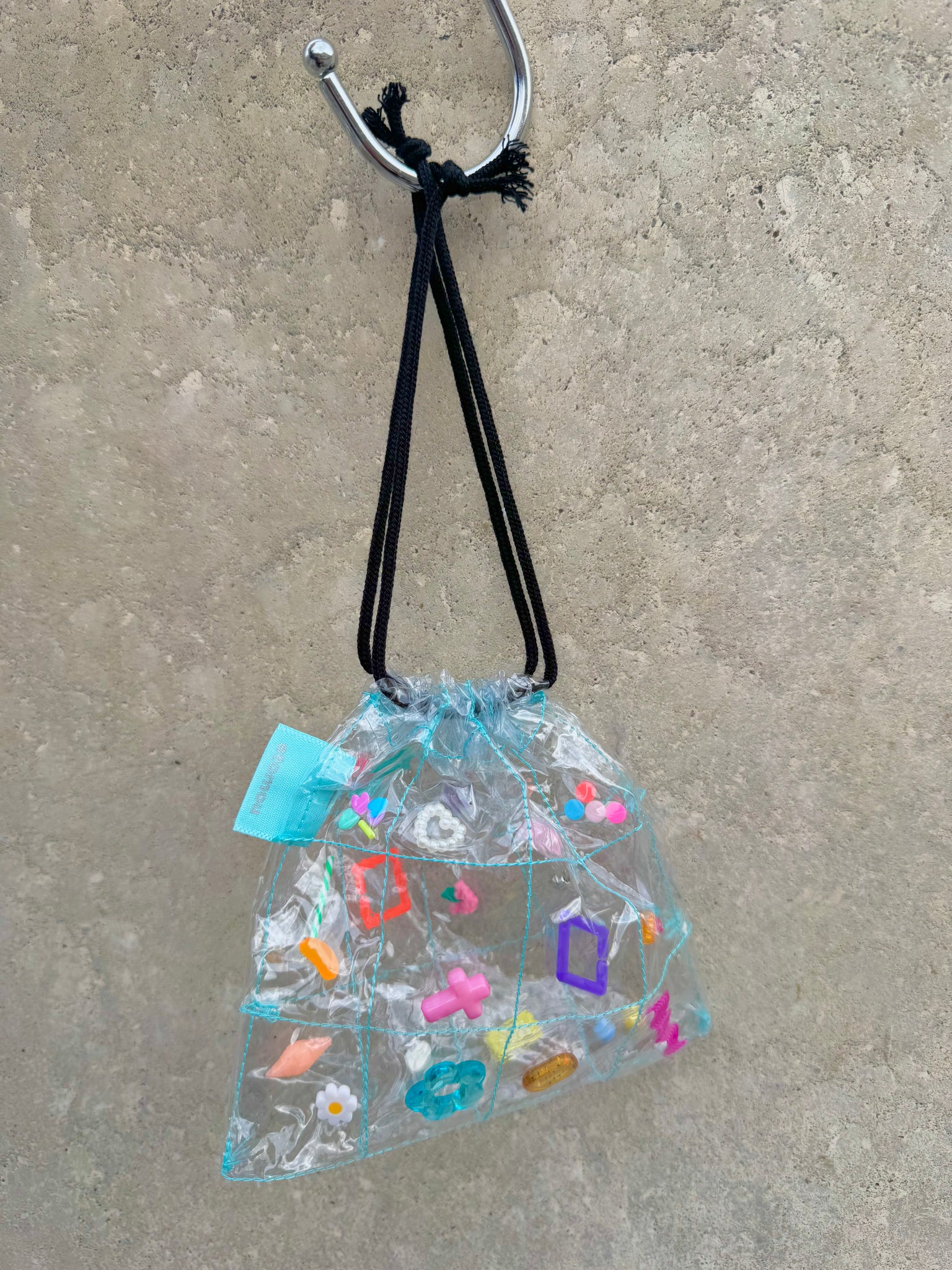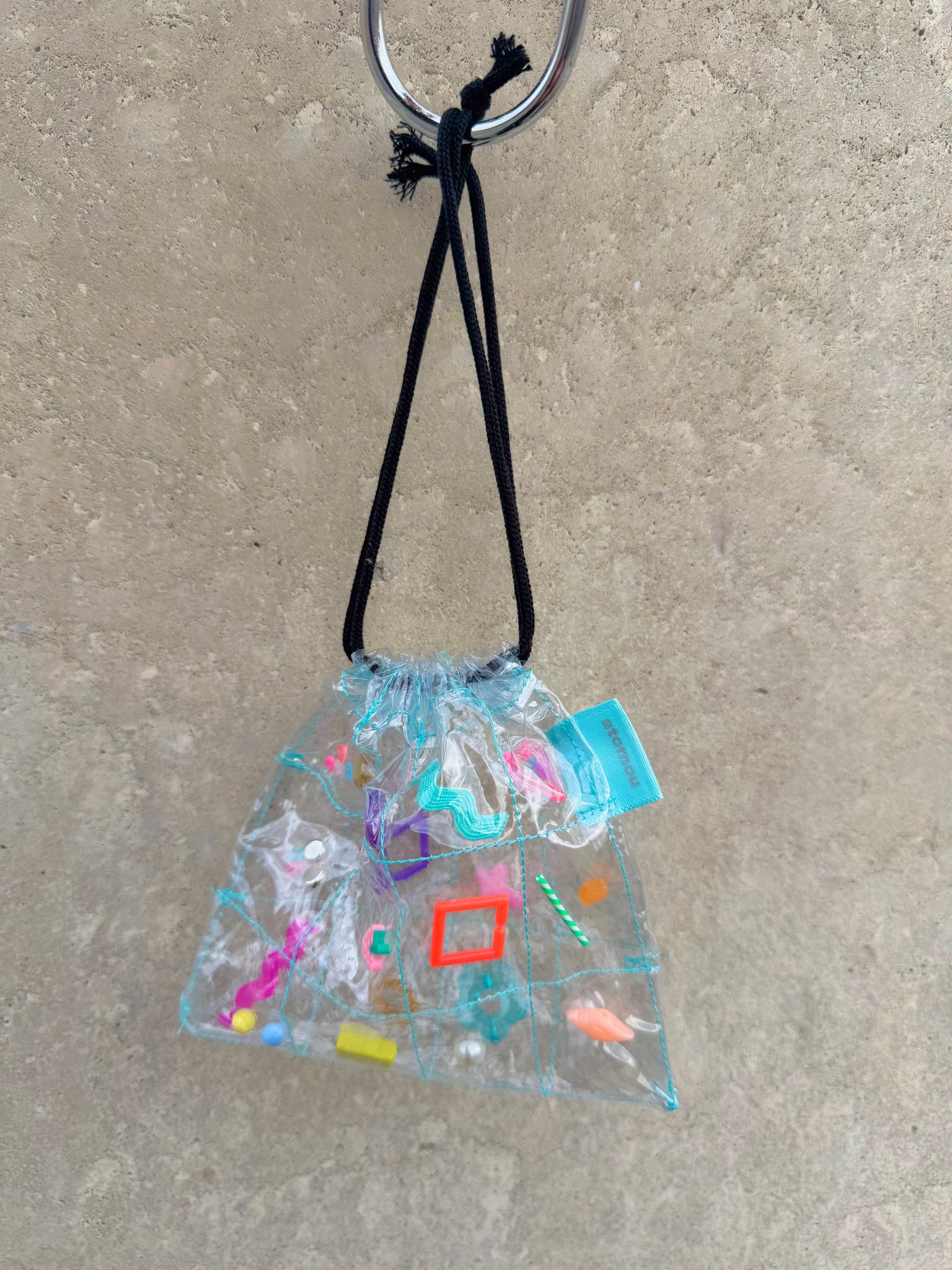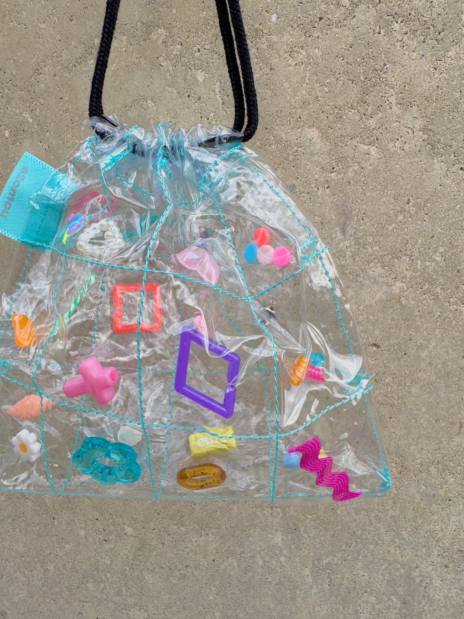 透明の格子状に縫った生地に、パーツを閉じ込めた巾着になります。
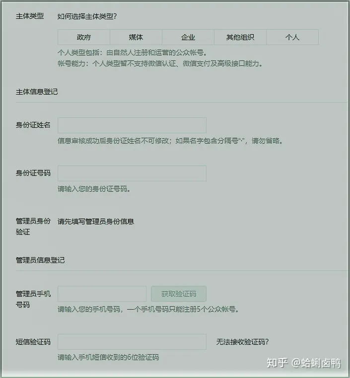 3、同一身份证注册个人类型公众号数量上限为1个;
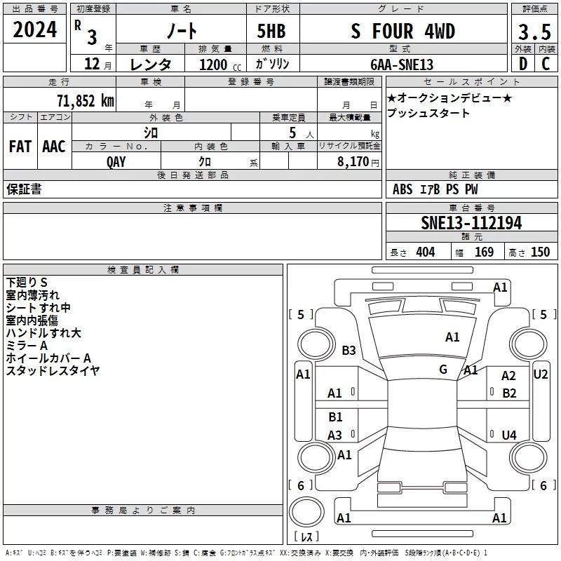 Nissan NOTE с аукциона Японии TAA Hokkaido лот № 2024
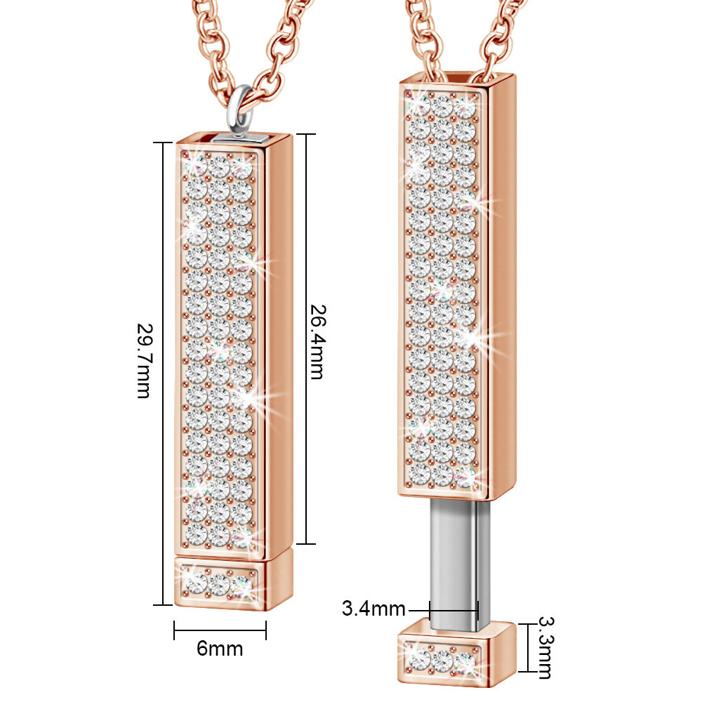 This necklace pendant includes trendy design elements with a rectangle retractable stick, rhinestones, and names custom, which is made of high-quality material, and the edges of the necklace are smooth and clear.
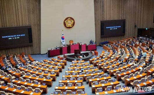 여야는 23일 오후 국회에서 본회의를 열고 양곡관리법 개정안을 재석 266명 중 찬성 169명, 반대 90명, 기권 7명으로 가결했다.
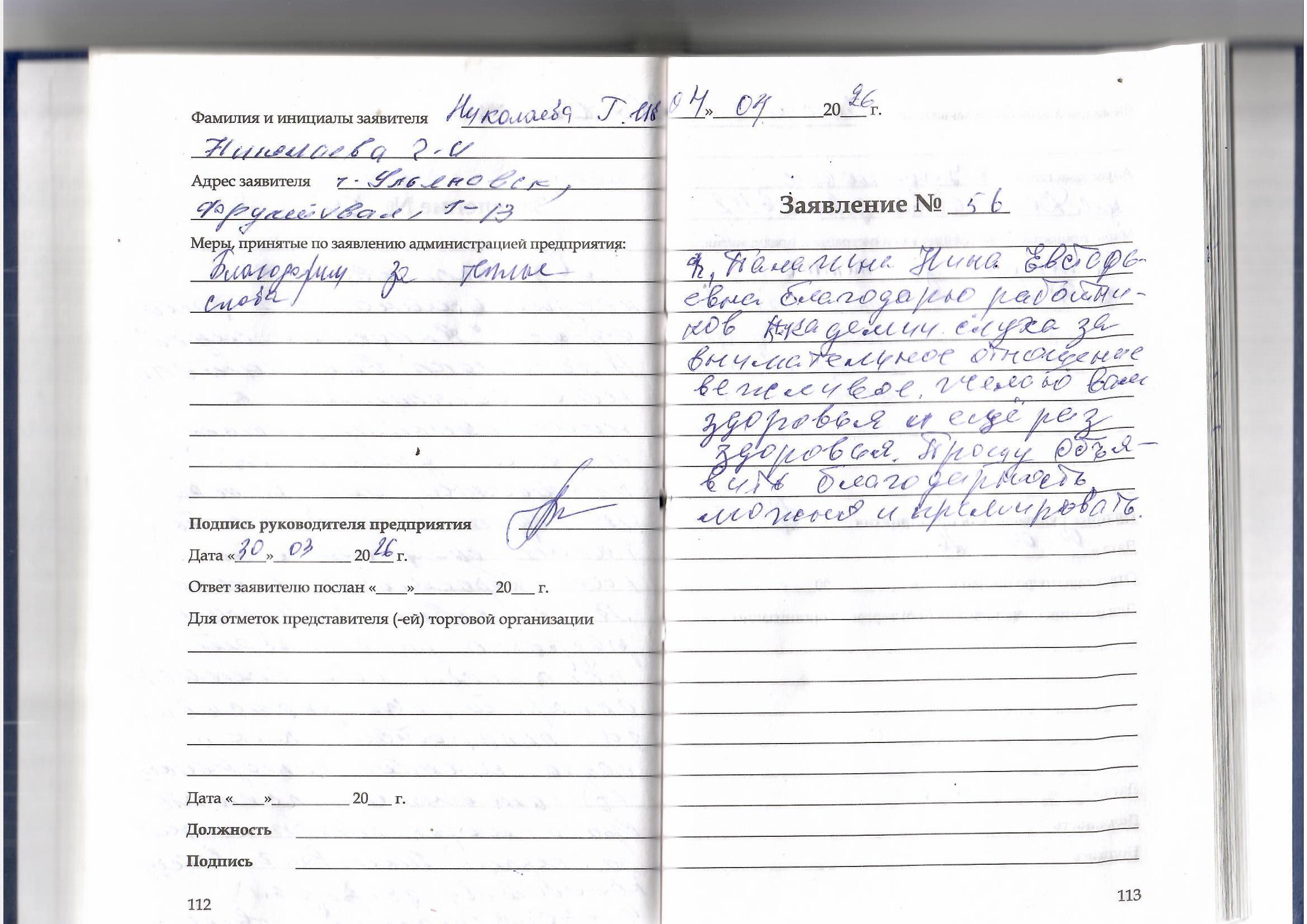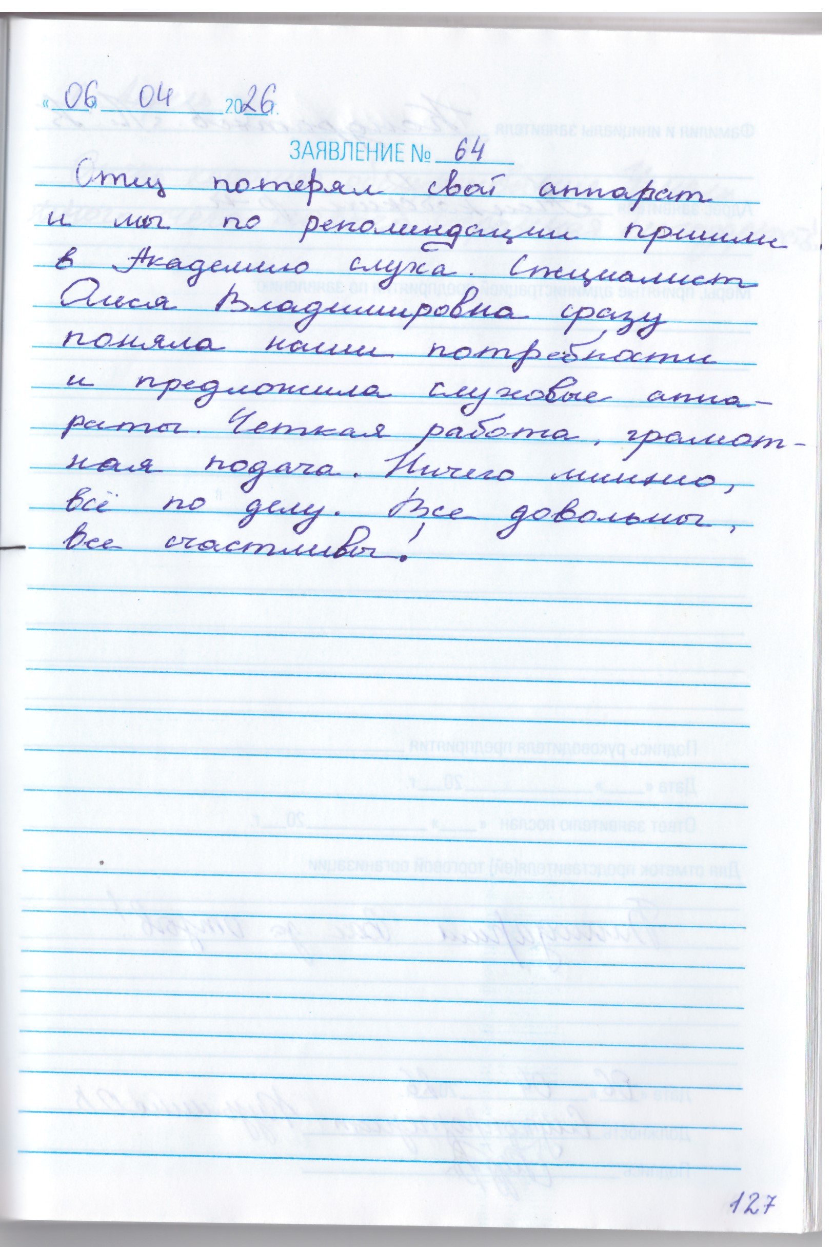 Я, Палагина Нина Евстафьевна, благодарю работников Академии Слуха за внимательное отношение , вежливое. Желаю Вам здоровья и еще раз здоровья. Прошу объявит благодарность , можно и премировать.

◆ **Task brief**
Print every entry above again without changing a word, and omit the pictures.

◆ **Your solution**
 透明の格子状に縫った生地に、パーツを閉じ込めた巾着になります。
 3、同一身份证注册个人类型公众号数量上限为1个;
 Nissan NOTE с аукциона Японии TAA Hokkaido лот № 2024
 This necklace pendant includes trendy design elements with a rectangle retractable stick, rhinestones, and names custom, which is made of high-quality material, and the edges of the necklace are smooth and clear.
 여야는 23일 오후 국회에서 본회의를 열고 양곡관리법 개정안을 재석 266명 중 찬성 169명, 반대 90명, 기권 7명으로 가결했다.
 Я, Палагина Нина Евстафьевна, благодарю работников Академии Слуха за внимательное отношение , вежливое. Желаю Вам здоровья и еще раз здоровья. Прошу объявит благодарность , можно и премировать.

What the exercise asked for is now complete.